There’s a scientific explanation about the convective clouds rising up from the ocean along the coffee growing slopes of our volcanoes in Kona, Hawaii every day; giving the needed shade and moisture for the quality coffee grown here. And then there are these wonderful sentences written by Jack London of how it actually FEELS like. For us humans and probably to our coffea arabica plants growing here as well. So while you read, imagine yourself being a… Kona coffee bean dangling from a branch.
“You cannot escape liking the climate… I warn you, if you have some spot dear to you on earth, not to linger here too long, else you will find this dearer.”…
“Where each day is like every day, and every day is a paradise of days,” he answered.
“Nothing ever happens. It is not too hot. It is not too cold. It is always just right. Have you noticed how the land and the sea breathe turn and turn about?”

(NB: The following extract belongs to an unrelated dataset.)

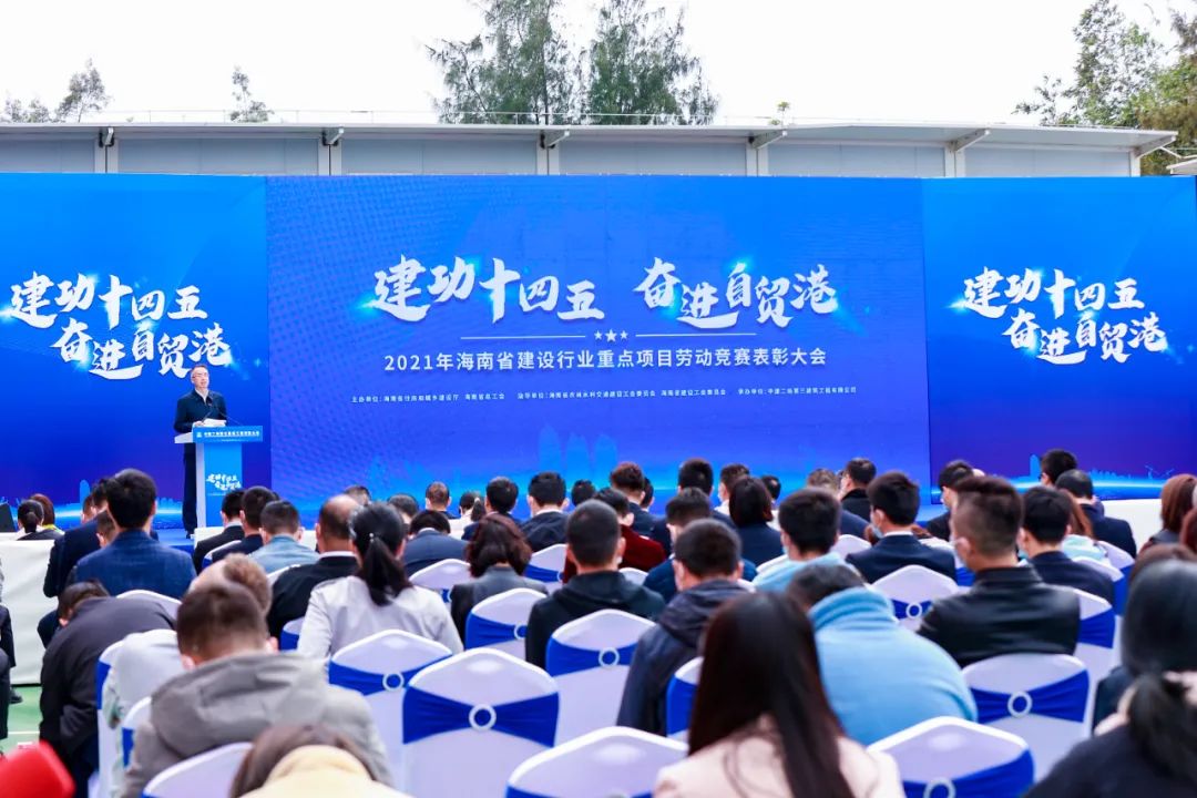 2月25日下午,省总工会、省住建厅在中建二局三公司江东新区CBD起步区中银国际金融中心项目工地举行2021年海南省建设行业重点项目劳动竞赛表彰大会,总结竞赛成果,表彰了中建二局第三建筑工程有限公司(中银国际金融中心项目)等12个先进集体和中国建筑第五工程局有限公司海南分公司目经理王凤涛等30名先进个人,省人大常委副主任、省总工会主席陆志远出席表彰大会并讲话。

Indeed, I had noticed that delicious rhythmic, breathing. Each morning I had watched the sea-breeze begin at the shore and slowly extend seaward as it blew the mildest, softest whiff of ozone to the land. It played over the sea, just faintly darkening its surface, with here and there and everywhere long lanes of calm, shifting, changing, drifting, according to the capricious kisses of the breeze. And each evening I had watched the sea breath die away to heavenly calm, and heard the land breath softly make its way through the coffee trees and monkey-pods…
Far above towered the huge bulks of Mauna Kea and Mauna Loa, seeming to blot out half the starry sky. Two miles and a half above our heads they reared their own heads, white with snow that the tropic sun had failed to melt….
“Listen! Here comes the land-breath now, the mountain wind.”
I could hear it coming, rustling softly through the coffee trees, stirring the monkey-pods, and sighing through the sugar-cane. On the lanai the hush still reigned. Then it came, the first feel of the mountain wind, faintly balmy, fragrant and spicy, and cool, deliciously cool, a silken coolness, a wine-like coolness—cool as only the mountain wind of Kona can be cool.
“Do you wonder that I lost my heart to Kona eighteen years ago?” he demanded. “I could never leave it now. I think I should die. It would be terrible.”
(Excerpts from ‘The Sheriff of Kona’ by Jack London, 1908)
When working closely with coffee trees farmers tend to talk to them. Which goes waaay beyond simply hugging them, as any woman will verify. At BLUE HORSE KONA COFFEE we’re actually trying not to hurt our trees feelings either and waiting till they are really ready to separate from their beans. Just makes a better cup.